▶ YOUR ASSIGNMENT
Beginning with the line that holds "选择处理模式,1是智能识别图", copy each line through the end of the material below, exactly and with no pictures.

▶ ENTRIES PROVIDED

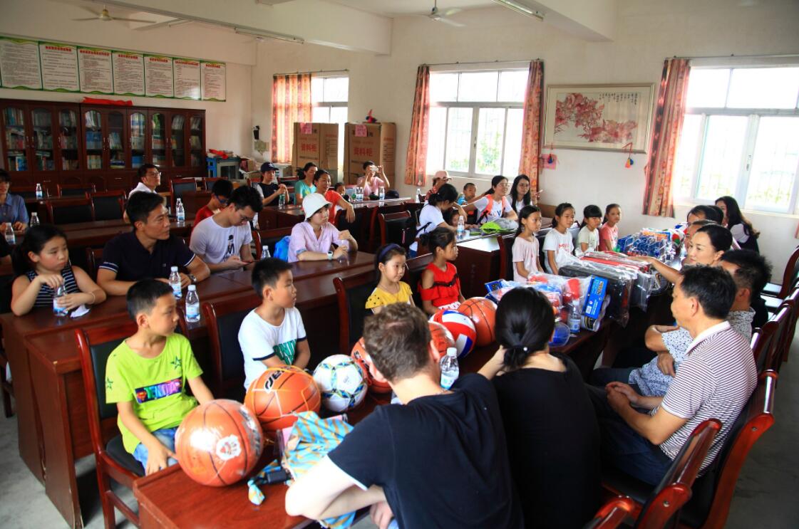 隨后,在村主任的帶領(lǐng)下,大家來到了洋頭小學(xué),參觀了小學(xué)的教室、操場等教學(xué)設(shè)施,與校領(lǐng)導(dǎo)及部分學(xué)生進(jìn)行了交流,并向?qū)W校捐贈了籃球、足球、排球、跳繩、羽毛球、乒乓球拍、拳靶、拳套等體育教學(xué)用品。這些體育用品受到師生們的熱烈歡迎,一些好奇的同學(xué)還當(dāng)場穿戴上嶄新的拳擊手套為大家“表演”了一番。學(xué)校活動結(jié)束后,大家又參觀了該行扶貧生產(chǎn)種植基地——柚子園,園內(nèi)柚子碩果累累、長勢喜人,大家紛紛拍照留念。
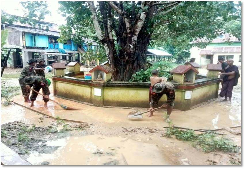 ရန်ကုန်တိုင်းဒေသကြီး၊ မရမ်းကုန်းမြို့နယ်၊ တောင်ဥက္ကလာပမြို့နယ်၊ မြောက်ဥက္ကလာပမြို့နယ်၊ ရွှေပြည်သာမြို့နယ်၊ မင်္ဂလာဒုံမြို့နယ်၊ သန်လျင်မြို့နယ်၊ ခရမ်းမြို့နယ်နှင့် သုံးခွမြို့နယ်၊ ဧရာဝတီတိုင်းဒေသကြီး၊ ငပုတောမြို့နယ်နှင့် ရခိုင်ပြည်နယ်၊ ကျောက်ဖြူမြို့နယ်များအတွင်း သြဂုတ် ၁၆ ရက်နှင့် ၁၇ ရက်တို့တွင် မိုးသည်းထန်စွာရွာသွန်းပြီး လေပြင်းတိုက်ခတ်မှုများကြောင့် ရေဝင်ရောက်မှုများဖြစ်ပေါ်ခဲ့ရာ နယ်မြေခံတပ်မတော်သားများ၊ မြန်မာနိုင်ငံရဲတပ်ဖွဲ့ဝင်များ၊ မီးသတ်တပ်ဖွဲ့ဝင်များနှင့် ဌာနဆိုင်ရာဝန်ထမ်းများက လိုအပ်သည့် ကူညီကယ်ဆယ်ရေးလုပ်ငန်းများ ဆောင်ရွက်ပေးခဲ့ကြသည်။
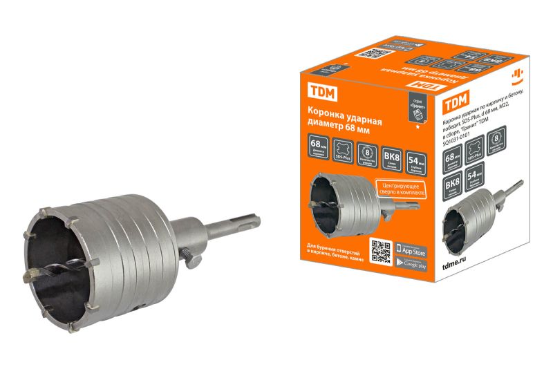 Коронка ударная по кирпичу и бетону, победит, SDS-Plus, d 68 мм, М22, в сборе, Гранит TDM | код SQ1031-0101 | TDM
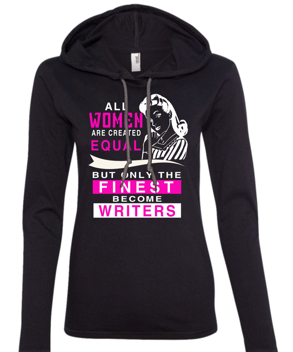 All Women Are Created Equal T Shirt, Only The Finest Become Writers T Shirt (Anvil Ladies Ringspun Hooded)
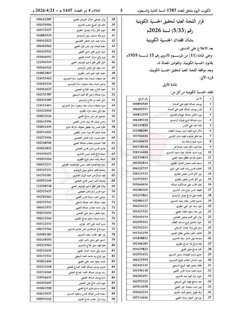 صدر اليوم الثلاثاء، في ملحق الجريدة الرسمية «الكويت اليوم»، قراران من اللجنة العليا لتحقيق الجنسية الكويتية بفقدان الجنسية من 172 شخصاً.
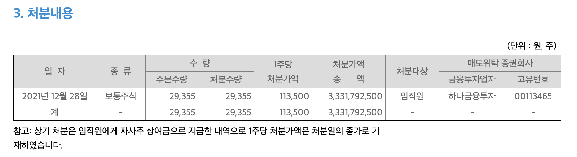큰 문제가 될것은 없으나. 2021년 12월의 꾸준한 처분 내용이 보여지는것은 호재로 보기는 어렵습니다.
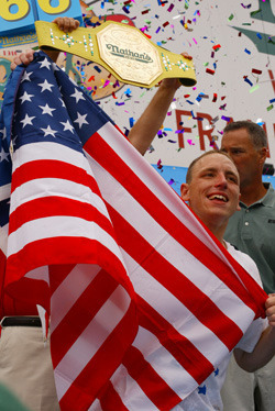 Every Independence Day since 1916, Nathan's Famous has sponsored their International Fourth of July Hot Dog Eating Contest at Coney Island. But don't for a minute think these contestants are simply a bunch of big dudes who can pack away a lot of food. This is serious business. They call themselves "competitive eaters" (I only thought this referred to trying to get seconds on Thanksgiving before my (at the time) teenaged stepbrothers devoured the whole spread.) Most belong to an organization called Major League Eating, and membership is required if you want to belly up to the barbecue at the Coney Island gorge fest.
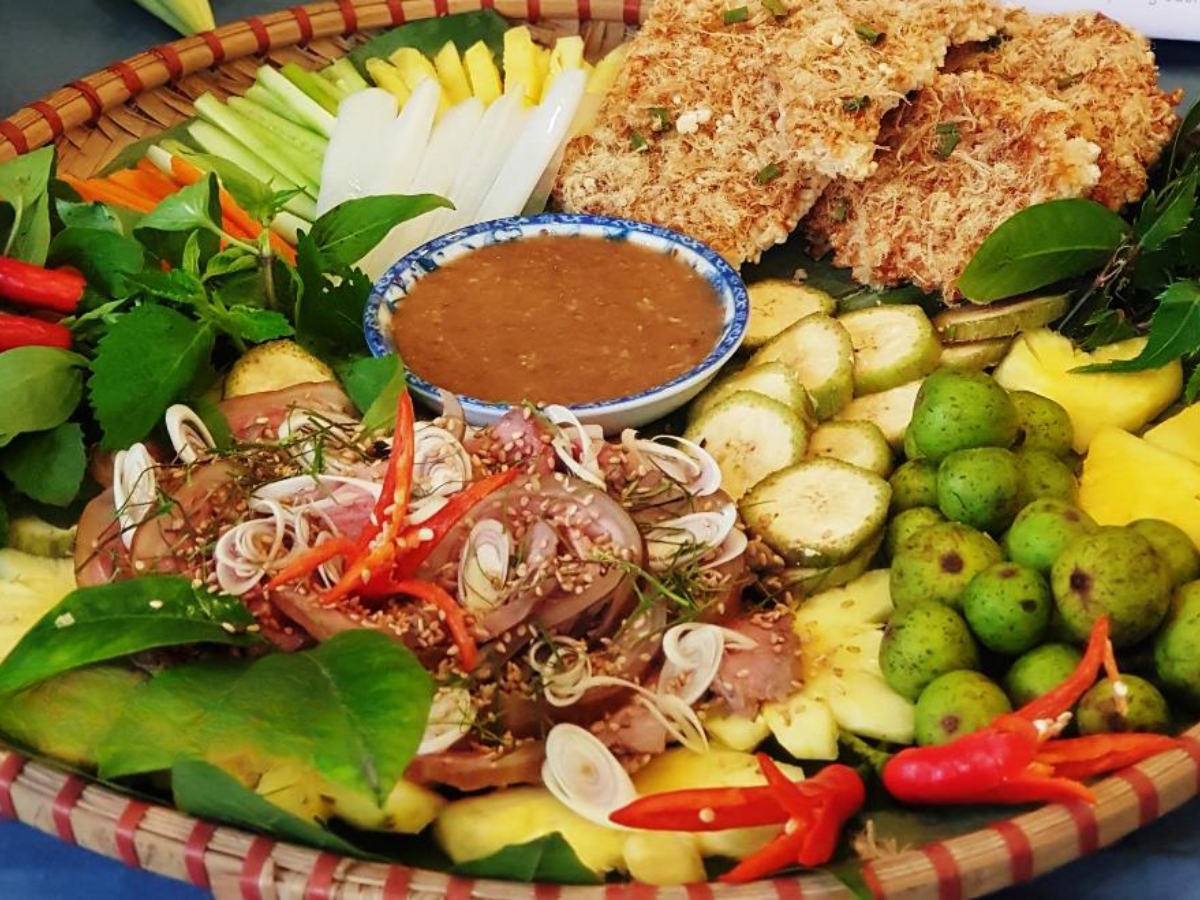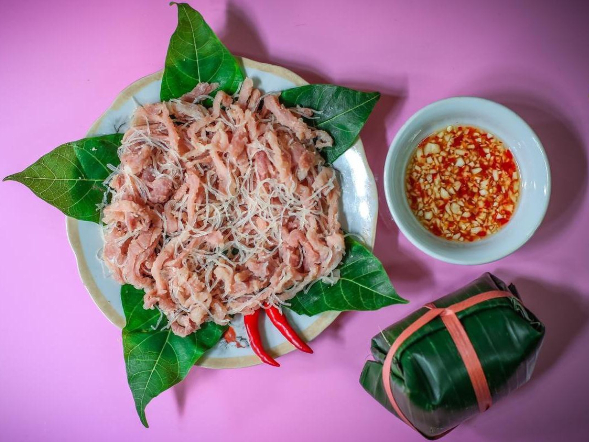 The highlight of this Ninh Binh specialty lies in its mild sourness, rich aroma, and a balanced texture that is tender yet chewy. The traditional way to eat it is with fresh fig leaves, fresh Vietnamese mint leaves, and a flavorful bowl of fish sauce with garlic and chili.
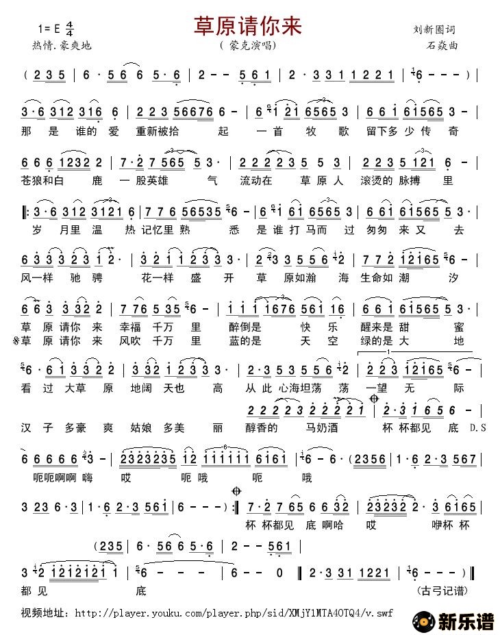 蒙克演唱的草原请你来歌词,草原请你来最新曲谱.
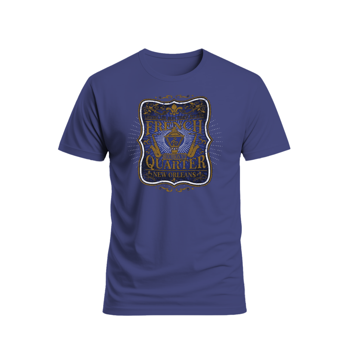 Celebrate the soul of New Orleans with this stunning French Quarter Bourbon Street T-Shirt, designed in a rich cobalt blue color that stands out with bold elegance. Featuring an ornate vintage-style emblem with gold and white detailing, this design highlights iconic NOLA elements street lanterns, trumpets, music notes, and the famous Bourbon Street sign.
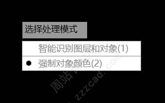选择处理模式,1是智能识别图层还是特性,将你看到的颜色强制改成目标色。2是修改对象特性颜色。
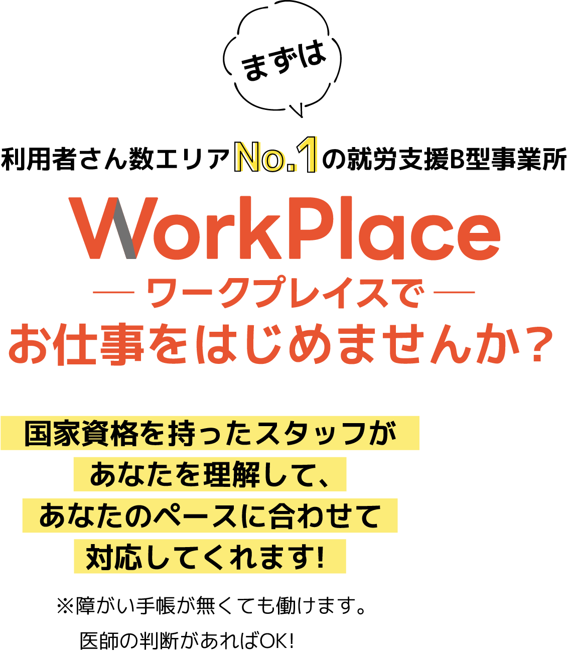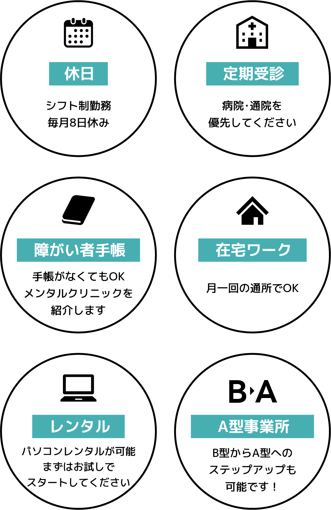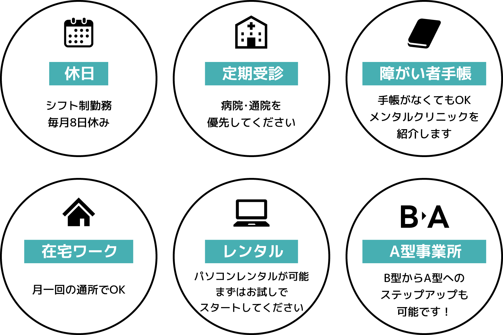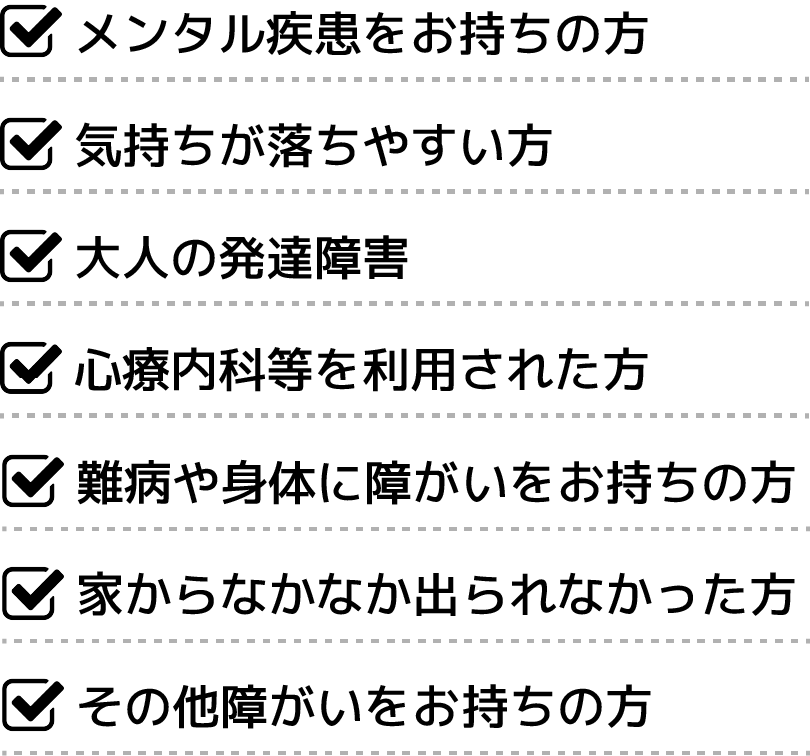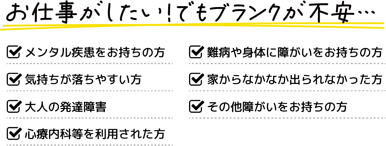 ※障がい手帳が無くても働けます。医師の判断があればOK!

▶ WRITTEN RESPONSE
选择处理模式,1是智能识别图层还是特性,将你看到的颜色强制改成目标色。2是修改对象特性颜色。
 ※障がい手帳が無くても働けます。医師の判断があればOK!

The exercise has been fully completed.